> **DIRECTIONS**: In the data below, one line contains "태산뉴스 이지율 기자" and a later one contains "取り組みにあたって特別な道具". Print both, with every line between them, exactly and alone.

> **DATASET EXTRACT**:

>>>

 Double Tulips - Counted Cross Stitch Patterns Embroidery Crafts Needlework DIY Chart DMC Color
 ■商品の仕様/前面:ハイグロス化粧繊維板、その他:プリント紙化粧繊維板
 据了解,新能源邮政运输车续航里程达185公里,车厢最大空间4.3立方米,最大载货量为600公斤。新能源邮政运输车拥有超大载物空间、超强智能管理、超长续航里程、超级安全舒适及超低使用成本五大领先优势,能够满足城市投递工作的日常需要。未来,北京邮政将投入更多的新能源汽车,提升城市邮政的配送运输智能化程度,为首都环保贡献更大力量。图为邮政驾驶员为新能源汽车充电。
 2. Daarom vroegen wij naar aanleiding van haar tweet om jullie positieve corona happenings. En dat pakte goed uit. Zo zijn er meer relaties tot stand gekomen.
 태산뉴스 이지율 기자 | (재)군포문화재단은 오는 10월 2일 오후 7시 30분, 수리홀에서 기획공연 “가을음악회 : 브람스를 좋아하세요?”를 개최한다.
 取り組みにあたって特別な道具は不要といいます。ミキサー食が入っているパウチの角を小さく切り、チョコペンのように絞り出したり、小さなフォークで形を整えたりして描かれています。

<<<
>>>

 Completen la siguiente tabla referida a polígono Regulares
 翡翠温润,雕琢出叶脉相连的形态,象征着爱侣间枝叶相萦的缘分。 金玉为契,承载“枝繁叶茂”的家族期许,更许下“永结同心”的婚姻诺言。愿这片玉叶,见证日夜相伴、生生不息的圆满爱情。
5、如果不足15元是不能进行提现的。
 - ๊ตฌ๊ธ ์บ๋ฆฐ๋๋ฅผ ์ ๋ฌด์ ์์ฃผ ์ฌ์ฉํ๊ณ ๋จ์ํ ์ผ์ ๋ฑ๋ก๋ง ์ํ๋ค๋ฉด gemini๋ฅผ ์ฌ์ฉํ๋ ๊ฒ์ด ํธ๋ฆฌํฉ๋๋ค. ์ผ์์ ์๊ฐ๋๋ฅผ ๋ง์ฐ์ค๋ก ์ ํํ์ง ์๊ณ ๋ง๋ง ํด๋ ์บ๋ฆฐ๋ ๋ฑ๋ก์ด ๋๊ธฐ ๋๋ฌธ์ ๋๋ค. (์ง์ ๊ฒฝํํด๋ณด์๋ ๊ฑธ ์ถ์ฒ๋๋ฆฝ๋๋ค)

<<<

> **EXERCISE OUTPUT**:
 태산뉴스 이지율 기자 | (재)군포문화재단은 오는 10월 2일 오후 7시 30분, 수리홀에서 기획공연 “가을음악회 : 브람스를 좋아하세요?”를 개최한다.
 取り組みにあたって特別な道具は不要といいます。ミキサー食が入っているパウチの角を小さく切り、チョコペンのように絞り出したり、小さなフォークで形を整えたりして描かれています。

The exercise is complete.